[Date Prev][Date Next][Thread Prev][Thread Next][Date Index][Thread Index]

Re: [Xen-devel] [RFD] OP-TEE (and probably other TEEs) support



On 28 November 2016 at 22:10, Julien Grall <julien.grall@xxxxxxx> wrote:
>
>
> On 28/11/16 18:09, Volodymyr Babchuk wrote:
>>
>> Hello,
>
>
> Hello Volodymyr,
>
>> On 28 November 2016 at 18:14, Julien Grall <julien.grall@xxxxxxx> wrote:
>>>
>>> On 24/11/16 21:10, Volodymyr Babchuk wrote:
>>>>
>>>> My name is Volodymyr Babchuk, I'm working on EPAM Systems with bunch
>>>> of other guys like Artem Mygaiev or Andrii Anisov. My responsibility
>>>> there is security in embedded systems.
>>>>
>>>> I would like to discuss approaches to OP-TEE support in XEN.
>>>
>>>
>>>
>>> Thank you for sharing this, I am CC-ing some people who showed interest
>>> on
>>> accessing trusted firmware from the guest.
>>>
>>> In the future, please try to CC relevant people (in this case ARM
>>> maintainers) to avoid any delay on the answer.
>>
>> Thanks.

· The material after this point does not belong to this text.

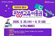 브릿지저널 윤나영 기자 | 울산시는 시민 누구나 평생학습의 기회를 누릴 수 있도록 ‘2026년 울산광역시 평생교육이용권(이하 이용권) 지원사업’을 본격 추진한다고 밝혔다. 이번 사업은 저소득층, 중장년, 노인, 장애인 등 다양한 계층을 대상으로 평생교육 수강료를 지원하는 제도로, 시민의 학습권 보장과 삶의 질 향상을 목표로 추진된다. 이용권 대상자로 선정되면 평생교육 강좌 수강료와 교재비로 사용할 수 있는 35만 원이 포인트로 지원된다. 대상자는 지급된 포인트로 관내 등록된 67개 사용기관의 온·오프라인 강의를 수강할 수 있다. 사용기관은 평생교육이용권 누리집에서 확인 가능하다. 올해 평생교육이용권은 총 2,404명 규모로 지원된다. 지원 대상자는 ▲저소득층 성인(19세 이상 기초생활수급자․차상위계층), 등록장애인(19세 이상)뿐만 아니라 ▲노인(65세 이상) ▲디지털 관련 평생교육 수강 희망자(30세 이상) ▲지역특화 대상자(40세 이상~65세 미만) 등 다양한 계층을 지원해 전 세대가 학습 기회를 누릴 수 있도록 할 계획이다. 우선, 1차로 울산시에 주소를 둔 19
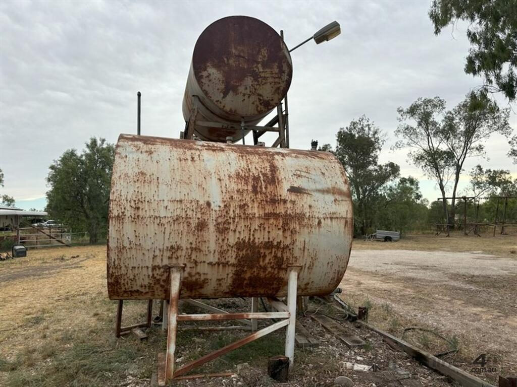 Low Tank in Picture: 1,500 Gallon fuel Tank. Available via MRE Online Auctions, located in Walgett NSW. Unsure of Litreage.

I never worked with XEN community earlier, so I don't know who is
>> who :)
>
>
> You can give a look to the MAINTAINERS file at the root xen.git.
>
> [...]
>
>>>> You can find patches at [1] if you are interested.

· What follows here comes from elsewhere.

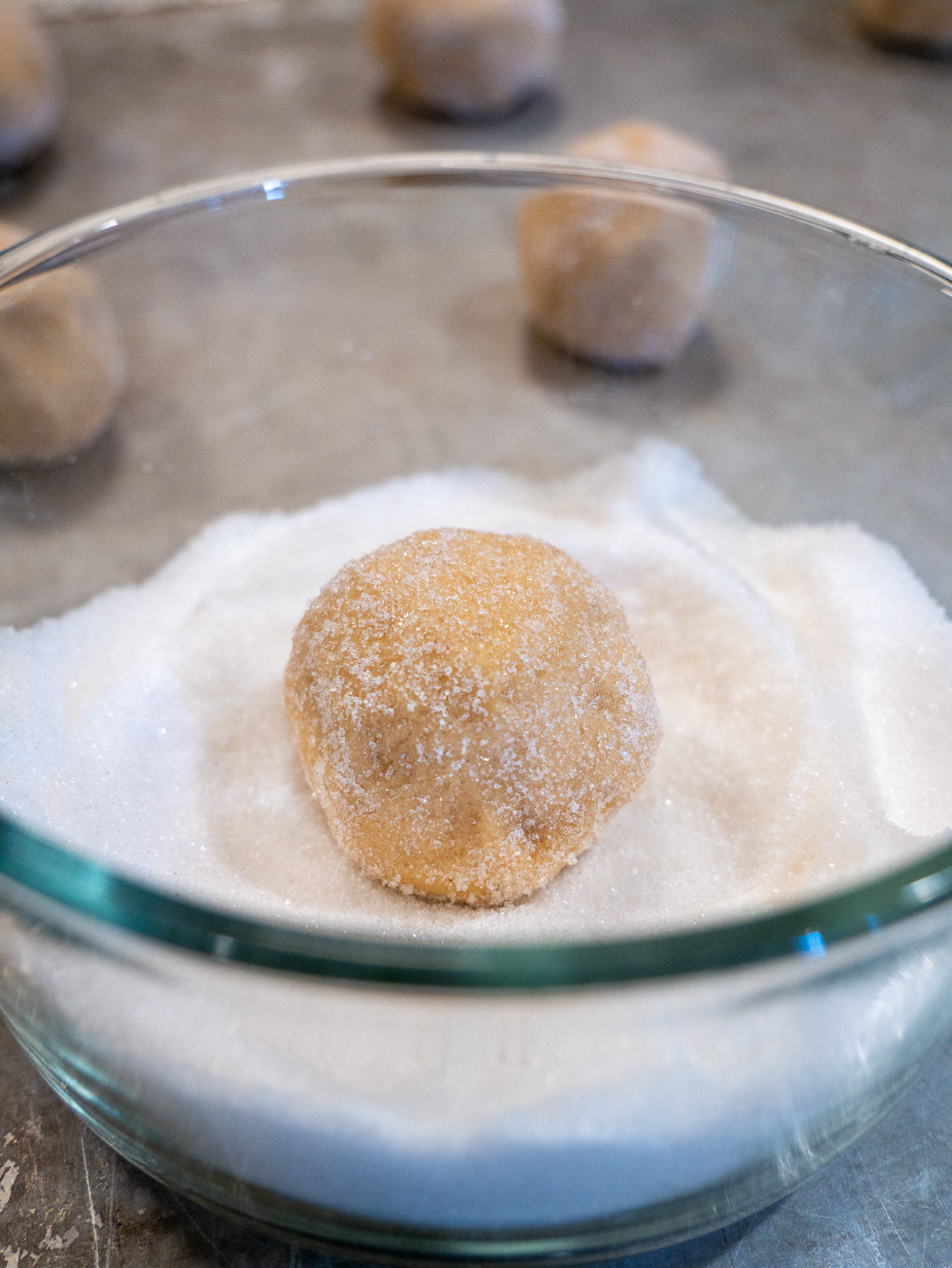 That’s the dough! From there, you simply scoop out the dough and shape it into a ball that’s about an inch wide and roll it in granulated sugar.

>>>> During working on this PoC I have identified main questions that
>>>> should be answered:
>>>>
>>>> On XEN side:
>>>> 1. SMC handling in XEN. There are many different SMCs and only portion
>>>> of them belong to TEE. We need some SMC dispatcher that will route
>>>> calls to different subsystems. Like PSCI calls to PSCI subsystem, TEE
>>>> calls to TEE subsystem.
>>>
>>>
>>>
>>> So from my understanding of this paragraph, all SMC TEE calls should have
>>> a
>>> guest ID in the command. We don't expect command affecting all TEE.
>>> Correct?
>>
>> Yes. Idea is to trap SMC, alter it, add guest ID (into r7, as SMCCC
>> says) and then
>> do real SMC to pass it to TEE.
>>
>> But I'm not get this: "We don't expect command affecting all TEE".
>> What did you mean?
>
>
> I mean, is there any command that will affect the trusted OS (e.g reset it,
> or else) in whole and not only the session for a given guest?
Yes, there are such commands. For example there are command that
enables/disables caching for shared memory.

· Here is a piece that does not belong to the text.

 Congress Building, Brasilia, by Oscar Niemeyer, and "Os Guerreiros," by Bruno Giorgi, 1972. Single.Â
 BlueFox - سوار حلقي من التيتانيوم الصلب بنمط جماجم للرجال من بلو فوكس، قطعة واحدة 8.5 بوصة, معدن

We should disable this caching, by the way.
SMC handler should manage commands like this.

>
>>
>>>
>>>>
>>>> 2. Support for different TEEs. There are OP-TEE, Google Trusty, TI
>>>> M-Shield... They all work thru SMC, but have different protocols.
>>>> Currently, we are aimed only to OP-TEE. But we need some generic API
>>>> in XEN, so support for new TEE can be easily added.
>>>
>>>
>>> For instance you
>>
>> Hm?
>>>
>>> Is there any  generic way to detect which TEE is been in used and the
>>> version?
>>
>> Yes, according to SMCCC, there call number 0xBF00FF01 that should
>> return Trusted OS UID.
>> OP-TEE supports this call. I hope, other TEEs also support it. In this
>> way we can which TrustedOS is running on host.
>
>
> Looking at the SMCC, this SMC call seems to be mandatory.
>>
>>>>
>>>> 3. TEE services. Hypervisor should inform TEE when new guest is
>>>> created or destroyed, it should tag SMCs to TEE with GuestID, so TEE
>>>> can isolate guest data on its side.
>>>>
>>>> 4. SMC mangling. RichOS communicates with TEE using shared buffers, by
>>>> providing physical memory addresses. Hypervisor should convert IPAs to
>>>> PAs.
>>>
>>>
>>>
>>> I am actually concerned about this bit. From my understanding, the
>>> hypervisor would need some knowledge of the SMC.
>>
>> Yes, it was my first idea - separate subsystem in the hypervisor that
>> handles SMC calls for different TEEs. This subsystems has a number of
>> backends. One for each TEE.
>>
>>> So are the OP-TEE SMC calls fully standardized? By that I mean they will
>>> not
>>> change across version?
>>
>> No, they are not standardized and they can change in the future.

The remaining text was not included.